Muller, Ingrid, Stuart, Beth, Sach, Tracey, Hooper, Julie, Wilczynska, Sylvia, Steele, Mary, Greenwell, Kate, Sivyer, Katy, Yardley, Lucy, Williams, Hywel C, Chalmers, Joanne R, Leighton, Paul, Howells, Laura M, Ridd, Matthew J, Lawton, Sandra, Griffiths, Gareth, Nuttall, Jacqui, Langan, Sinead M, Roberts, Amanda, Ahmed, Amina, Kirk, Hayden, Becque, Taeko, Little, Paul, Thomas, Kim S and Santer, Miriam (2021) Supporting self-care for eczema: protocol for two randomised controlled trials of ECO (Eczema Care Online) interventions for young people and parents/carers. BMJ Open, 11 (2), 1-8, [045583]. (doi:10.1136/bmjopen-2020-045583).
Abstract
Introduction Eczema care requires management of triggers and various treatments. We developed two online behavioural interventions to support eczema care called ECO (Eczema Care Online) for young people and ECO for families. This protocol describes two randomised controlled trials (RCTs) aimed to evaluate clinical and cost-effectiveness of the two interventions.

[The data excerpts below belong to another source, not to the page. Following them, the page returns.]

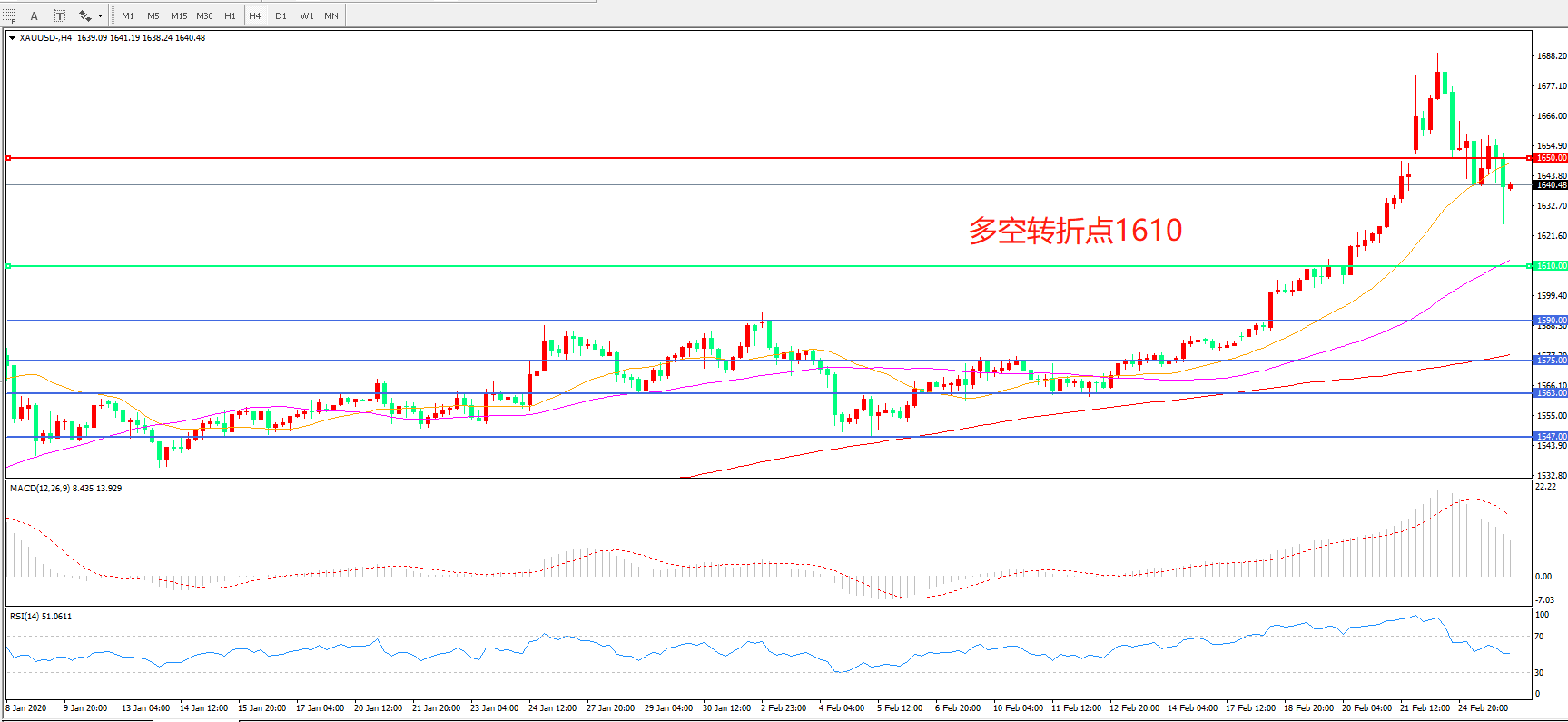 备选策略:在1610.00之下看跌,目标1650.00   1700.00
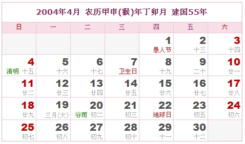 2004年4月 农历甲申(猴)年丁卯月 建国55年
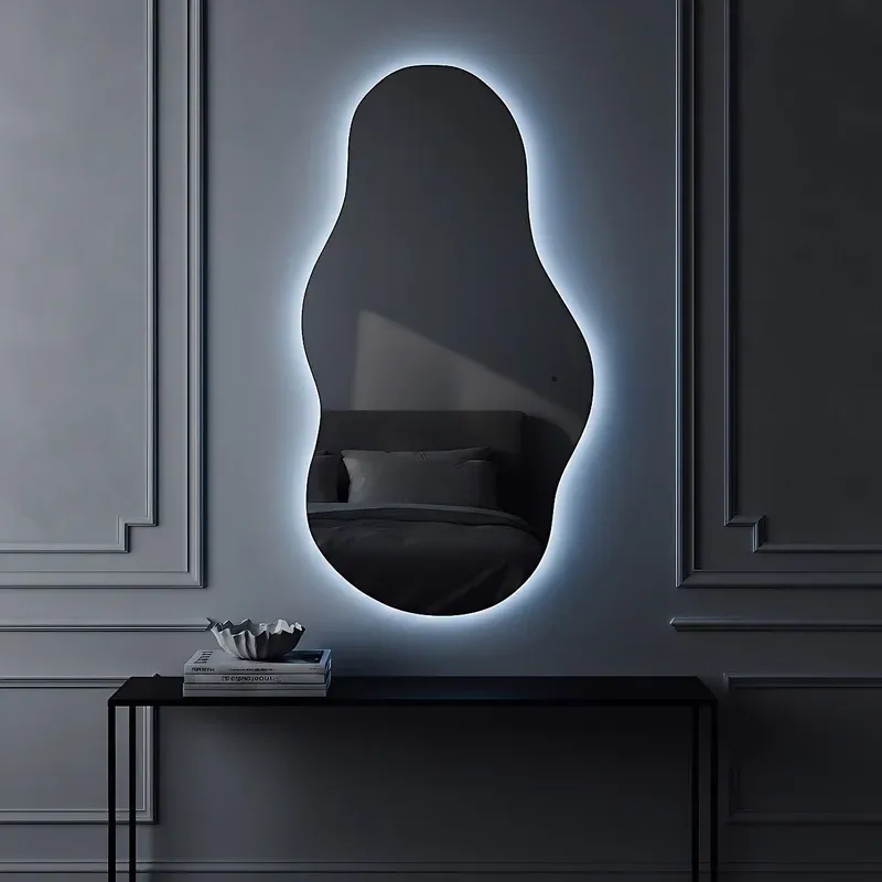 Зеркало креативной формы для ванной комнаты и интерьеров, оснащенное светодиодной LED подсветкой с диммером .
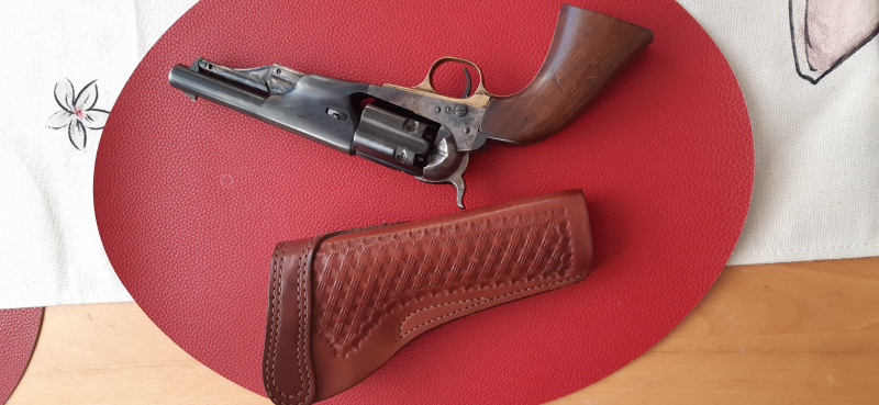 Biete hier einen sehr schönen - ungeschossenen - Vorderlader Revolver Mod 1860 Army , Cal. 44 BP (Ital. Replica) - Brunierung fast vollständig (nur an Laufmündung leicht abgerieben ) Rechter holzgriffschale hat ein paar leichte Dellen , aber kaum sichtbar.
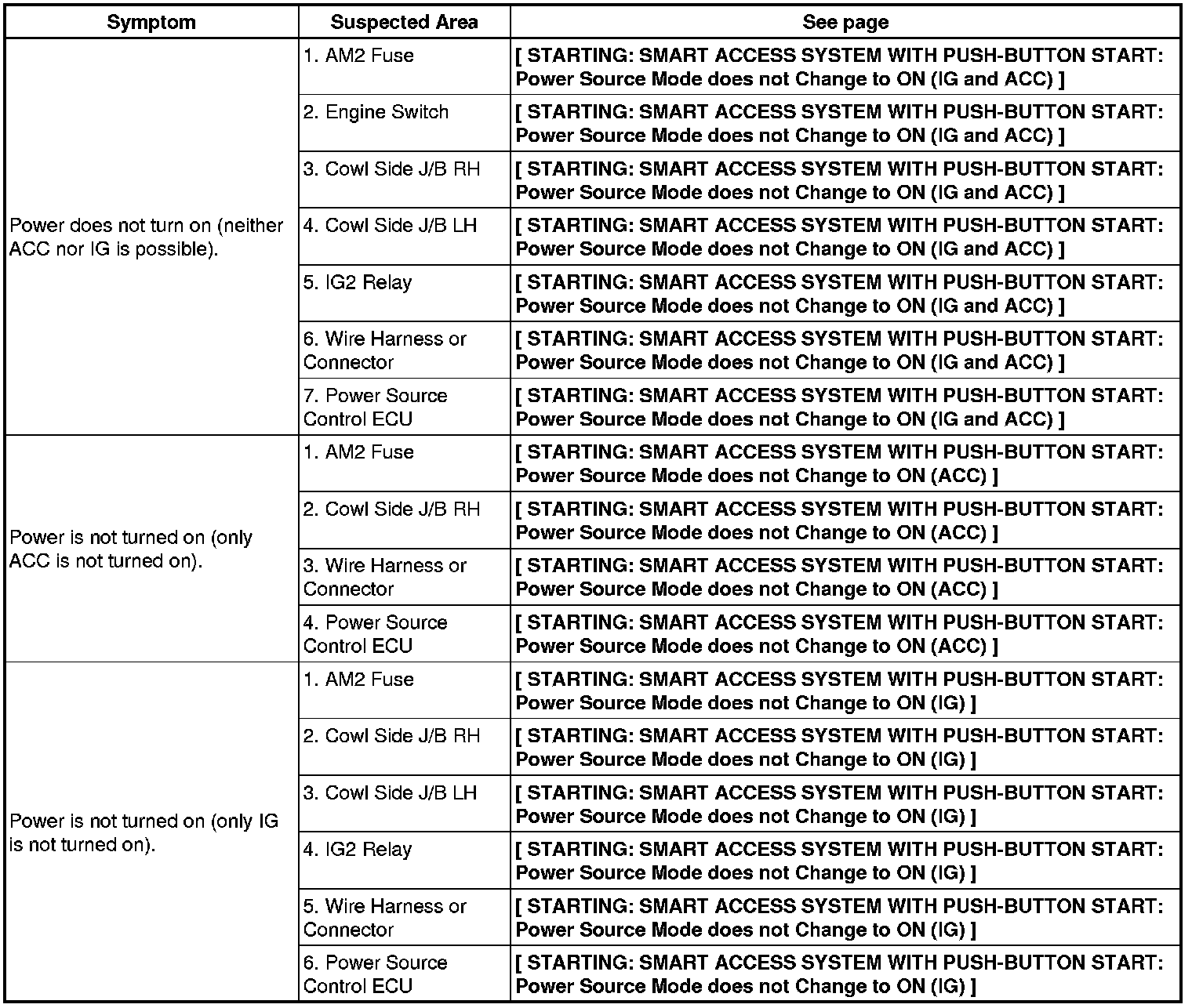 2GR-FSE STARTING: SMART ACCESS SYSTEM WITH PUSH-BUTTON START: PROBLEM SYMPTOMS TABLE
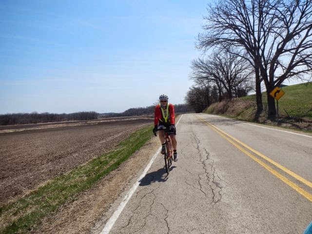 The hills of this part of Wisconsin actually remind me of France in some ways. They roll gently with some steep pitches in places and I noticed that spring had indeed sprung in this part of the country. Forsythia was in bloom and the occasional daffodil greeted me on street corners of the small towns. It has been quite dry and streams were a little down, but still flowing. Makes the watery side of my happy to ride near creeks and streams.
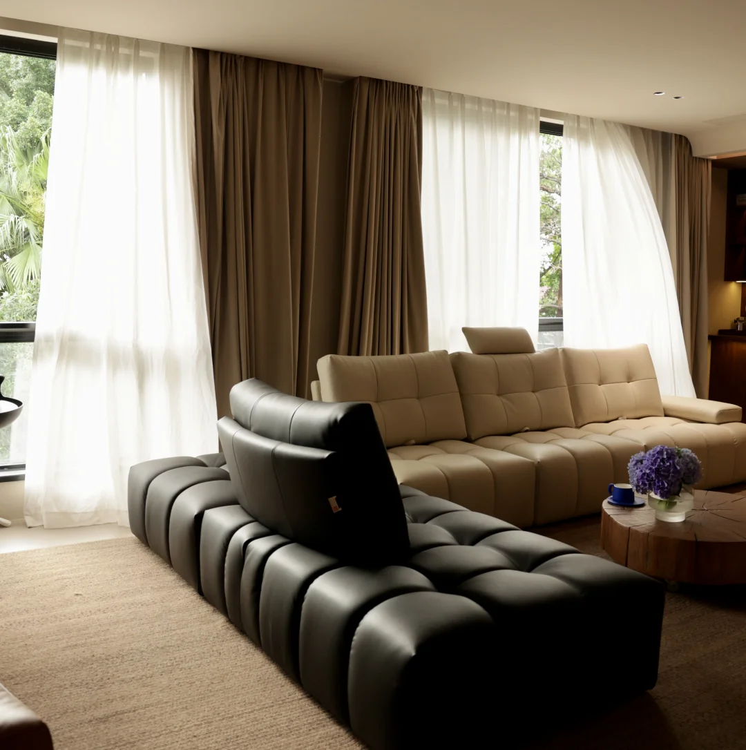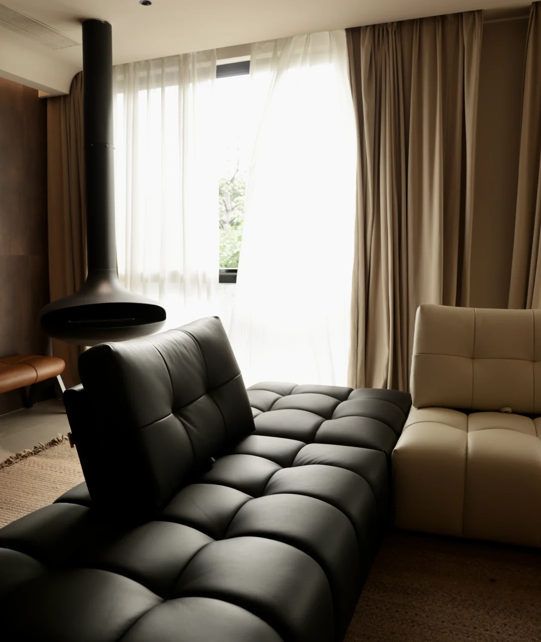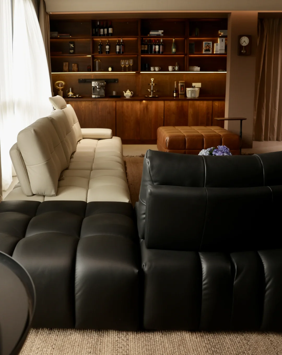这里没有复杂的装饰,两组真皮沙发就是空间的灵魂。黑色款是我的心头好,哑光荔枝纹真皮摸起来细腻又有分量,每一块方格都填充得敦实饱满,坐下去会被稳稳托住,却不会软塌塌地陷进去。微微倾斜的靠背刚好贴合肩颈,窝在里面看一部老电影,连疲惫都能被慢慢揉开。
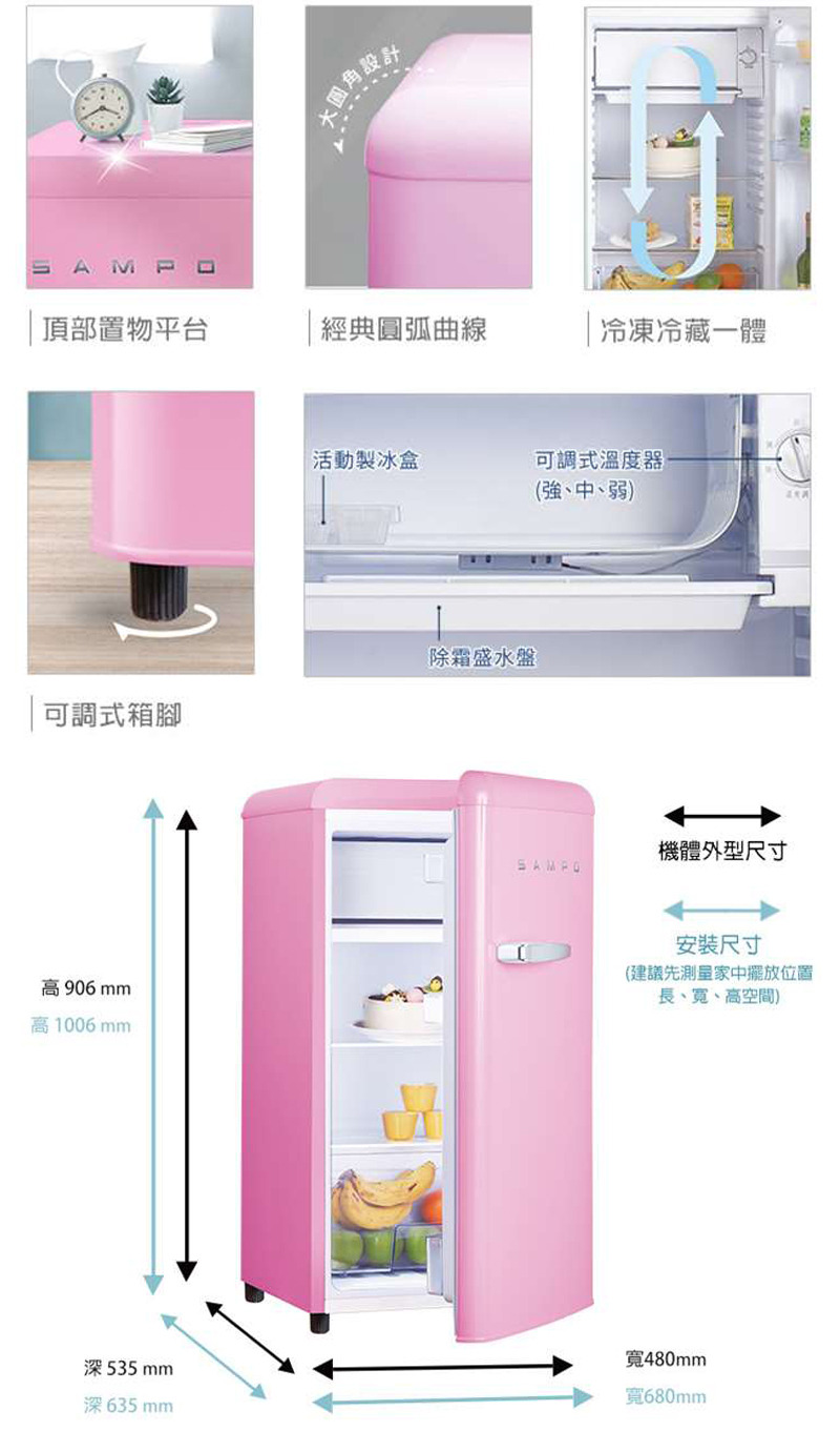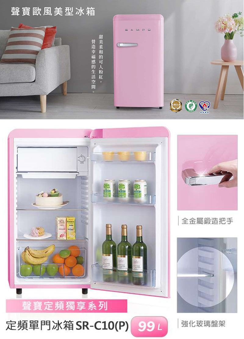 品名:SAMPO聲寶 歐風復古美型系列定頻右開單門冰箱-粉彩紅 99公升

Methods and analysis Design: Two independent, pragmatic, unmasked, parallel group RCTs with internal pilots and nested health economic and process evaluation studies. Setting: Participants will be recruited from general practitioner practices in England.
Participants: Young people aged 13–25 years with eczema and parents and carers of children aged 0–12 years with eczema, excluding inactive or very mild eczema (five or less on Patient-Oriented Eczema Measure (POEM)).
Interventions: Participants will be randomised to online intervention plus usual care or to usual eczema care alone.
Outcome measures: Primary outcome is eczema severity over 24 weeks measured by POEM. Secondary outcomes include POEM 4-weekly for 52 weeks, quality of life, eczema control, itch intensity (young people only), patient enablement, health service and treatment use. Process measures include treatment adherence, barriers to adherence and intervention usage. Our sample sizes of 303 participants per trial are powered to detect a group difference of 2.5 (SD 6.5) in monthly POEM scores over 24 weeks (significance 0.05, power 0.9), allowing for 20% loss to follow-up. Cost-effectiveness analysis will be from a National Health Service and personal social service perspective. Qualitative and quantitative process evaluation will help understand the mechanisms of action and participant experiences and inform implementation.Ethics and dissemination The study has been approved by South Central Oxford A Research Ethics Committee (19/SC/0351). Recruitment is ongoing, and follow-up will be completed by mid-2022. Findings will be disseminated to participants, the public, dermatology and primary care journals, and policy makers.